▶ Source material:
= Beginning of Section =

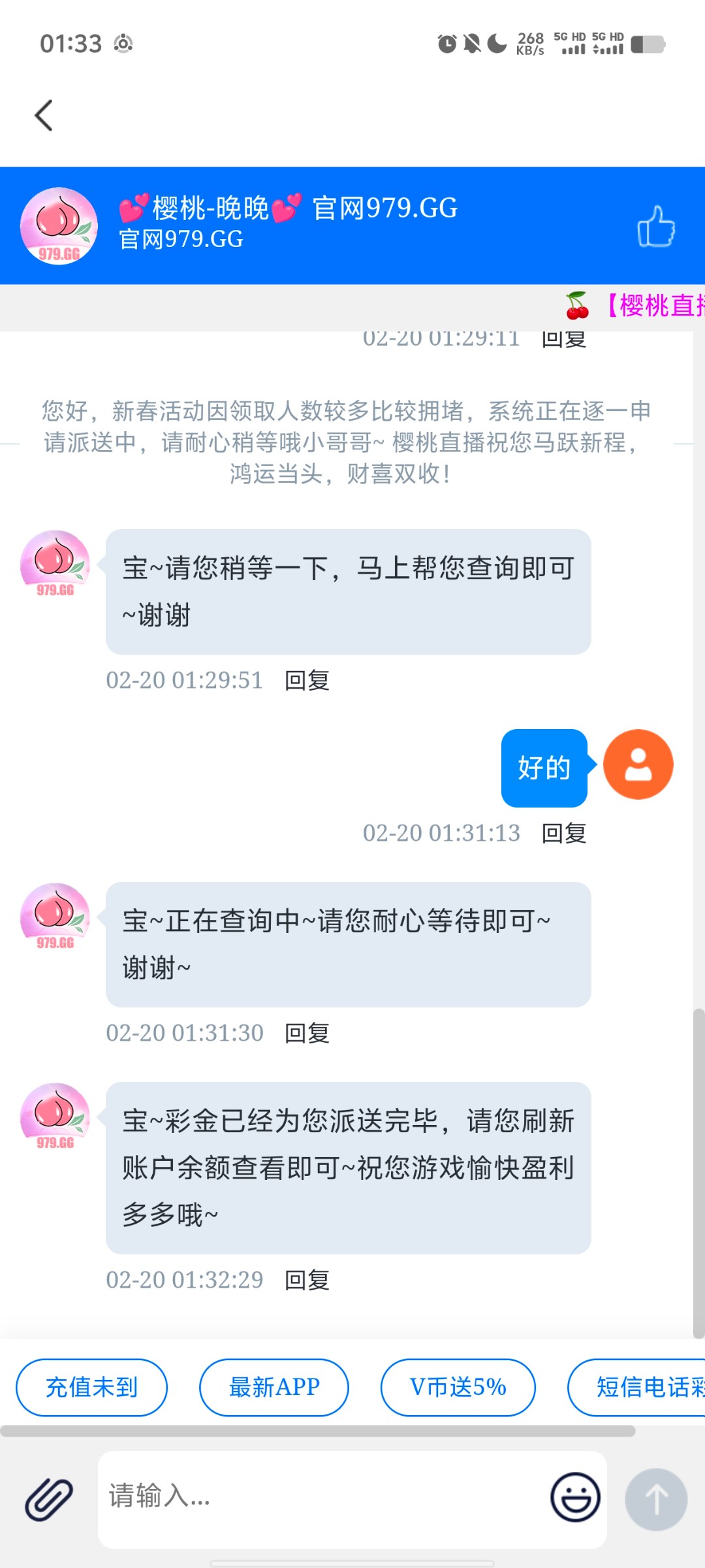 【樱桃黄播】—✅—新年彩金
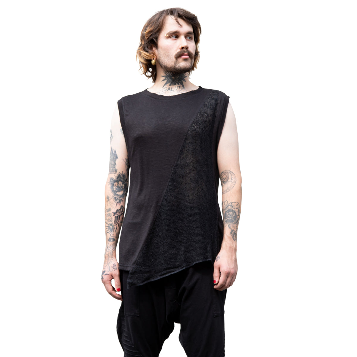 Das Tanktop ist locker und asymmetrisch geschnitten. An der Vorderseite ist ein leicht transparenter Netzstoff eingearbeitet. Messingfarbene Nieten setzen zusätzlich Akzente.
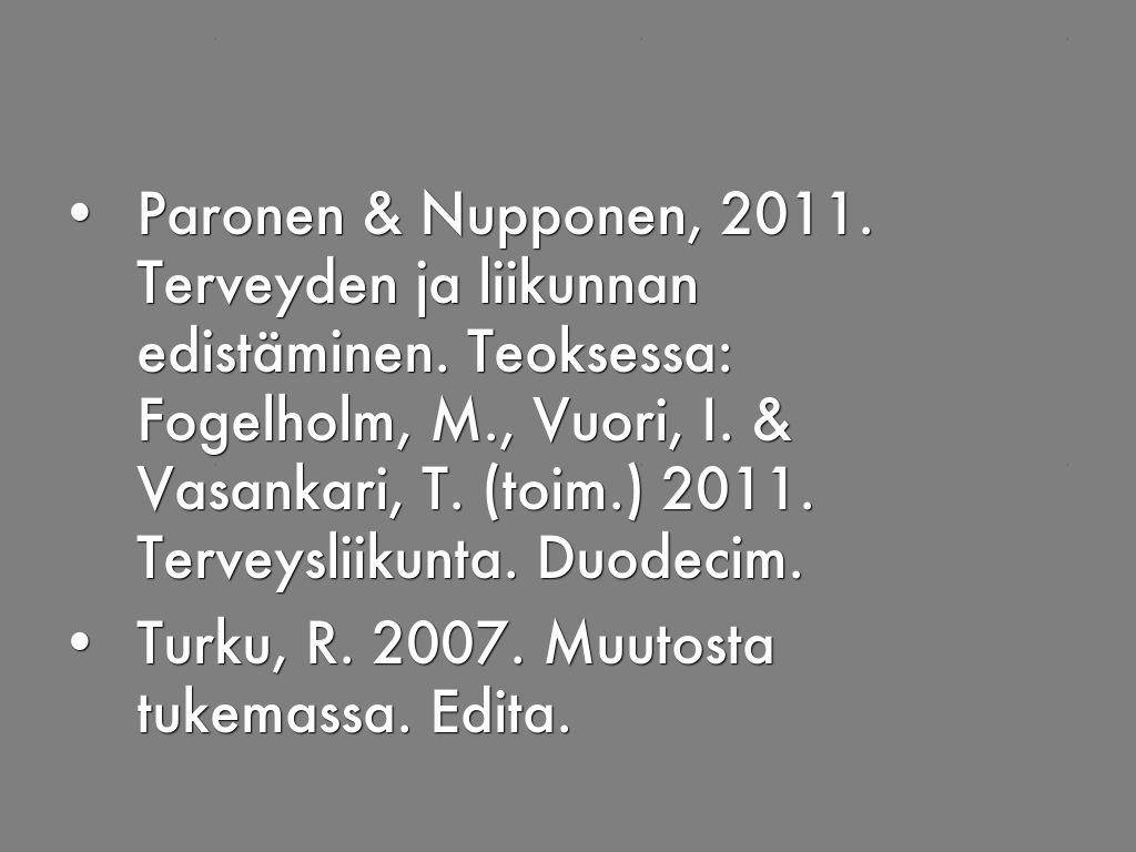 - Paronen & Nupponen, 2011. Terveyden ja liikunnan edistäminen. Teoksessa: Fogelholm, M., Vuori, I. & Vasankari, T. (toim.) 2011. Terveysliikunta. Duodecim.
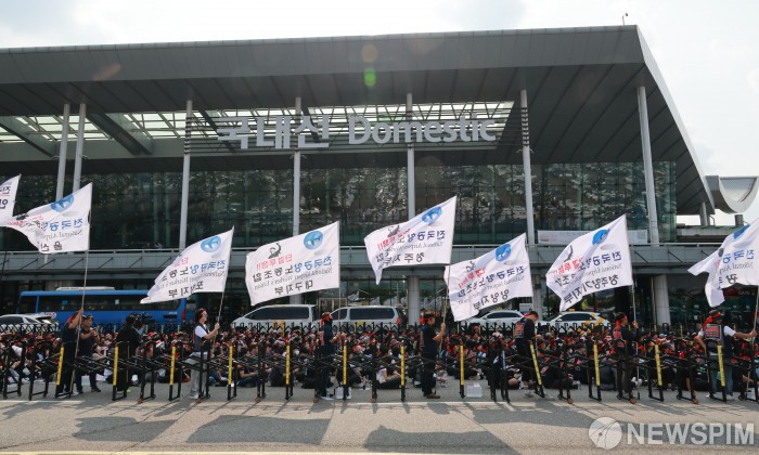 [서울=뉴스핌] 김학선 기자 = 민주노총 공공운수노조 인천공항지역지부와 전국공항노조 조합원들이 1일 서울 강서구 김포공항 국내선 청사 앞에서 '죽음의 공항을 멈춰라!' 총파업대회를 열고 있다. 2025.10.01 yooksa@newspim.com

= End of Section =

▶ What you have to do: First drop every picture, then print the data above exactly as it stands.

▶ Answer to the exercise:
 【樱桃黄播】—✅—新年彩金
 Das Tanktop ist locker und asymmetrisch geschnitten. An der Vorderseite ist ein leicht transparenter Netzstoff eingearbeitet. Messingfarbene Nieten setzen zusätzlich Akzente.
 - Paronen & Nupponen, 2011. Terveyden ja liikunnan edistäminen. Teoksessa: Fogelholm, M., Vuori, I. & Vasankari, T. (toim.) 2011. Terveysliikunta. Duodecim.
 [서울=뉴스핌] 김학선 기자 = 민주노총 공공운수노조 인천공항지역지부와 전국공항노조 조합원들이 1일 서울 강서구 김포공항 국내선 청사 앞에서 '죽음의 공항을 멈춰라!' 총파업대회를 열고 있다. 2025.10.01 yooksa@newspim.com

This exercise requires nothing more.